Article

Good news for landlords owed substantial rent arrears due to pandemic

19 October 2021

Covid-19 has impacted many businesses, especially those in the hospitality and entertainment sectors who suffered venue closures and significant restrictions on their pre-pandemic operations. It has, in consequence, also hit landlords who are seeing an increase in rent owed to them from the past 18 months.

The recent High Court decision of London Trocadero (2015) LLP v Picturehouse Cinemas Ltd is yet another example of arguments attempting to justify non-payment of commercial rent falling flat. It also demonstrates how commercial tenants will have to wait for new legislation before their position improves.

The tenants of a cinema failed to convince the court that their landlord should be prohibited from collecting arrears because the cinema was required by law to be closed.
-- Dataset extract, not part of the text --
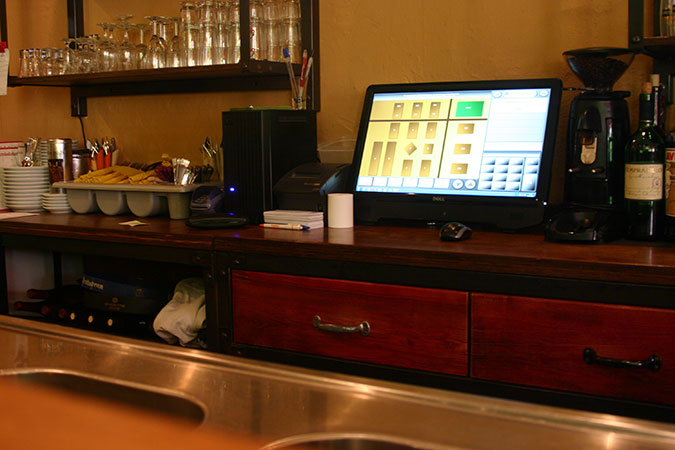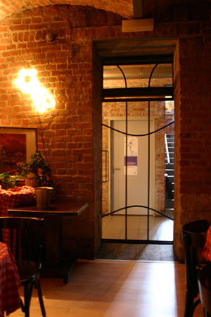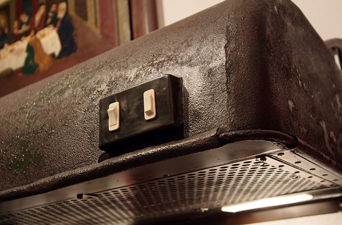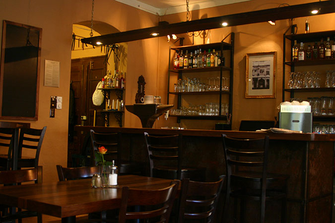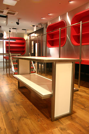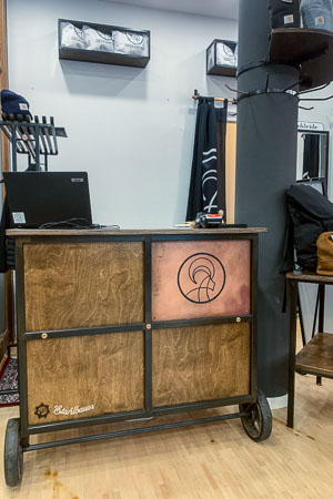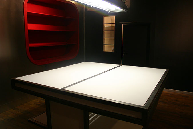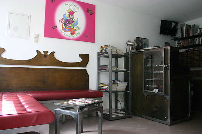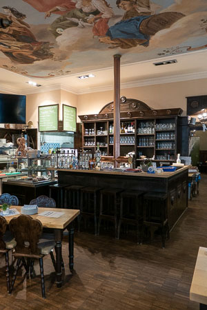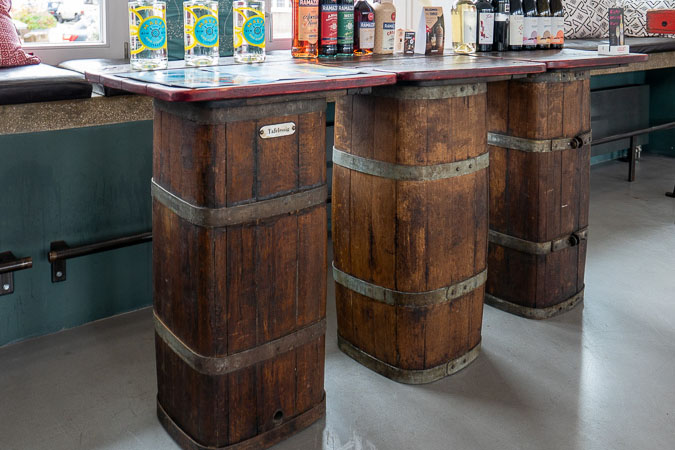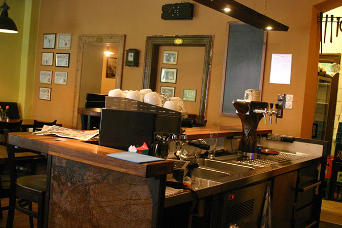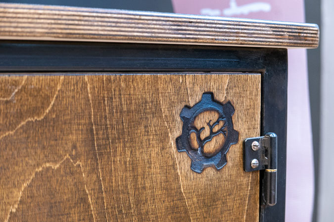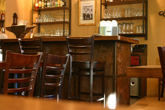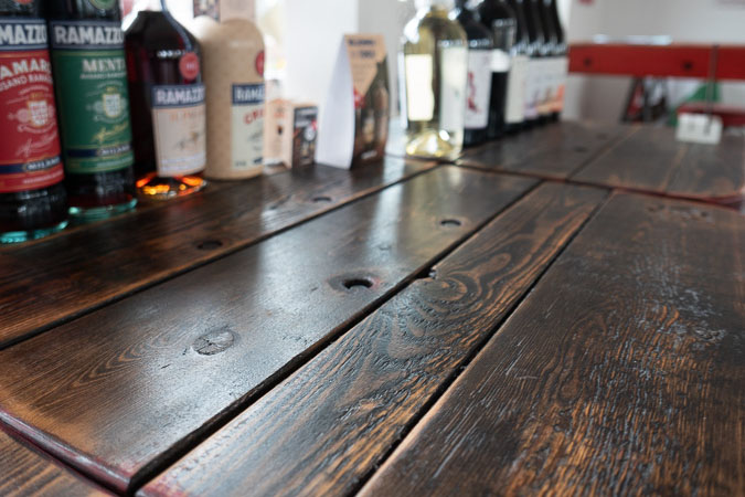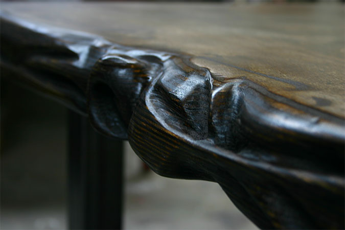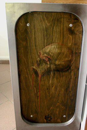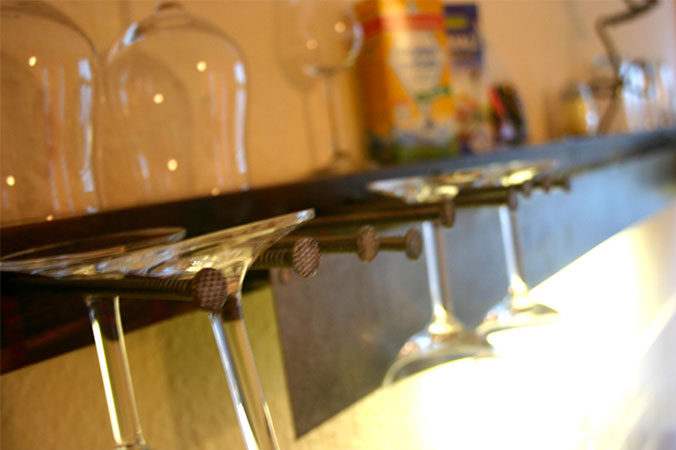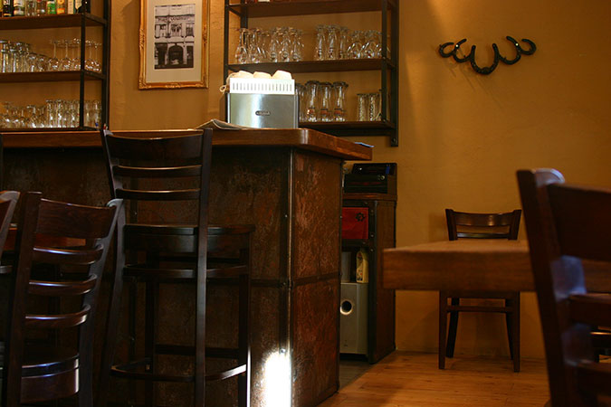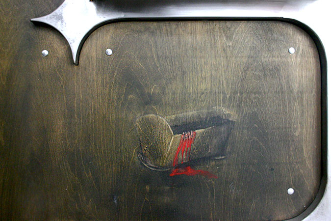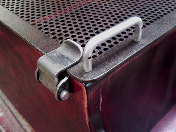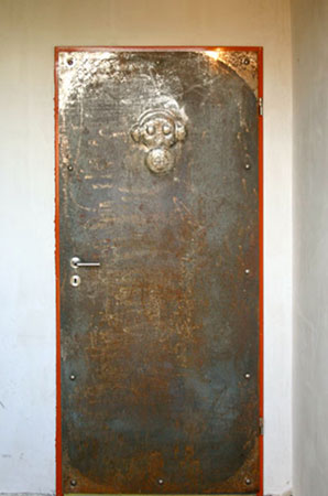 Anrichte: Kiefer, Chromblech, Waschbecken (emailliert)

The landlord was granted summary judgement for the arrears and the court held that it was inappropriate to imply a term into the leases which would have suspended both tenants’ obligations to pay rent and service charges while the law required the cinema to be closed.
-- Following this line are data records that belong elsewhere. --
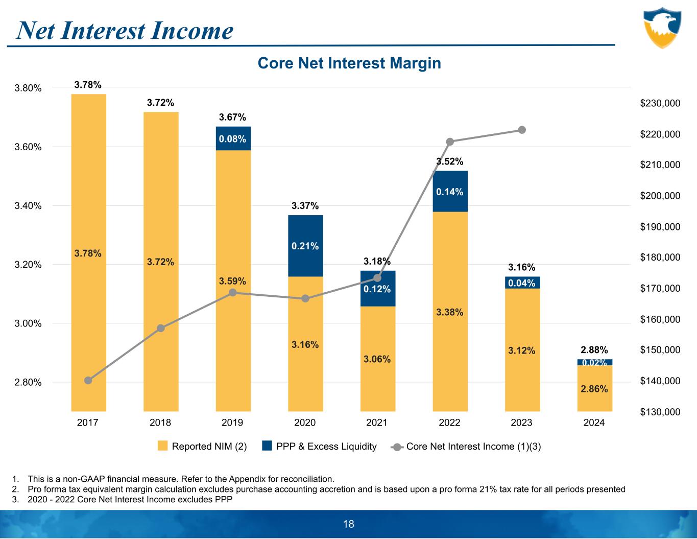 Core PTPP- NCO ROAA & ROTE 1. This is a non-GAAP financial measure. Refer to the Appendix for reconciliation. 1.49% 1.45% 1.63% 1.51% 1.37% 1.56% 1.33% 1.16% 2017 2018 2019 2020 2021 2022 2023 YTD Q2 2024 1.00% 1.10% 1.20% 1.30% 1.40% 1.50% 1.60% 1.70% 1.80% 1.90% 2.00% 19.54% 16.33% 18.20% 17.58% 15.77% 18.53% 16.14% 13.55% 2017 2018 2019 2020 2021 2022 2023 YTD Q2 2024 12.00% 13.00% 14.00% 15.00% 16.00% 17.00% 18.00% 19.00% 20.00% 21.00% 22.00% 17 Core PTPP-NCO ROAA1 Core PTPP-NCO ROTE1
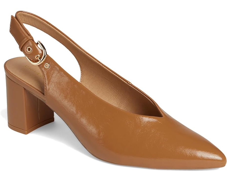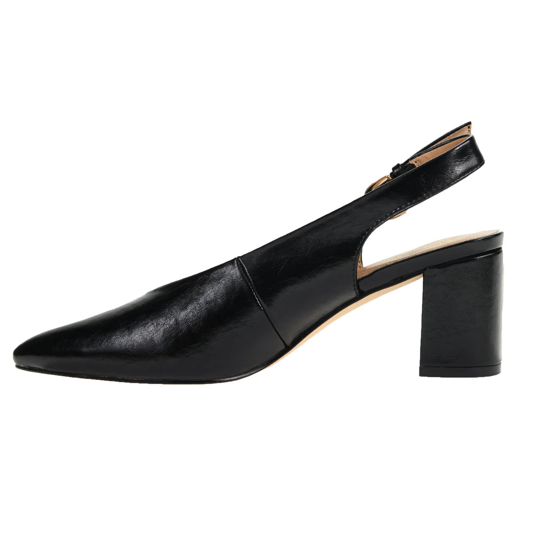 The Menny slingback pump is ideal for the discerning woman who approaches her footwear as timeless yet rebellious. Featuring a sleek pointed toe with a high cut vamp, these slingbacks will instantly break the mold.
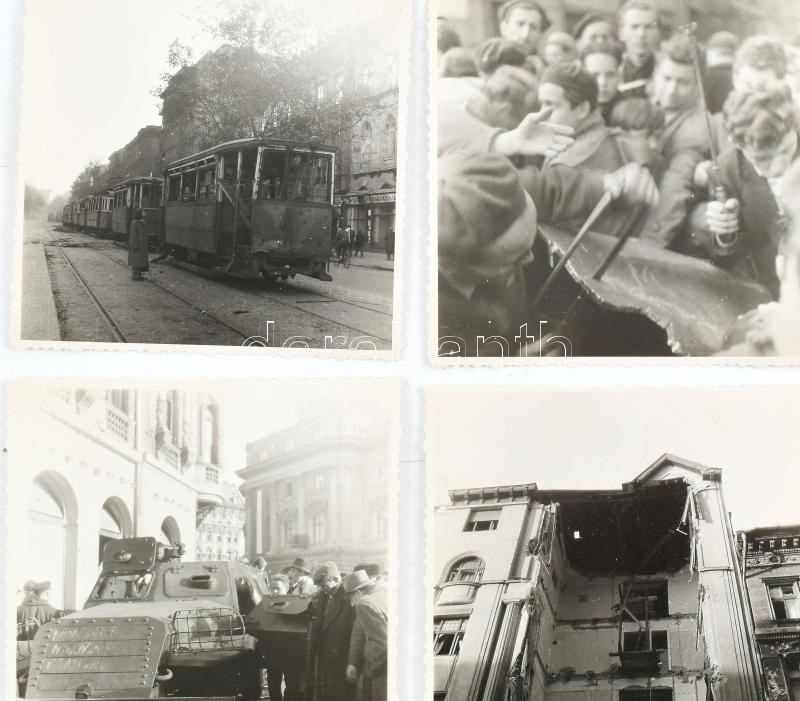 1956 Budapest, életképek a forradalomból, szétlőtt házak, tank, villamos, 8 db fotó, 11×11 cm<a href="https://www.darabanth.com/hu/nagyaukcio/38/kategoriak~Mutargy-szobor-papirregiseg/Foto~15584/1956-Budapest-eletkepek-a-forradalombol-szetlott-hazak

In this case, the landlord’s claim to recover rent arrears related to two leases of the cinema. The first lease dated back to 2014 and the second back to 1994. Arrears for unpaid rent and service charges dating back to June 2020 totalled over £2.9m by the time the claim was filed.

The tenants’ main defence was that a term should be implied into the leases to the effect that payment of rent and service charges should be suspended for the periods in which the use of the premises as a cinema was illegal. They expected to use the premises as a cinema for the full duration of each lease which, according to them, was the reason why the two leases were created. Since legal restrictions during the pandemic meant that they were unable to use the premises as a cinema, the tenants argued that the basis on which the leases were made could not apply during these periods and, therefore, they were not required to pay rent or service charges for these periods.
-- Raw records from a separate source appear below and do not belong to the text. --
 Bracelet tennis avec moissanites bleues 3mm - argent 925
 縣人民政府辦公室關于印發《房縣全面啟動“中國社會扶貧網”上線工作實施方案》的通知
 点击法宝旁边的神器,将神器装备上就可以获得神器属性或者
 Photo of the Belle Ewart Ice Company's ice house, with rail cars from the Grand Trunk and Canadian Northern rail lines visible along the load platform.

The court held that the requirement for the tenants to pay rent, even if the cinema could not be used due to unforeseen legal restrictions, did not justify the implication of additional provisions. This is because a court will not imply terms into a lease unless absolutely necessary. Furthermore, the definition of “permitted use” in the leases was a wide one. In short, the court found that the risk under these leases ought to be borne by the tenants and it was not convinced that the circumstances justified an intervention to transfer the risk of loss to the landlord.

The court based its decision on the fact that the landlord had already disclaimed any warranty as to the use of the premises and the parties had also considered situations in which rent could be suspended under certain circumstances in a rent suspension clause.

Fundamentally, the allocation of risk is a matter for negotiation between the parties before the leases are created, with the definition of permitted use and the content of a rent suspension clause proving significant.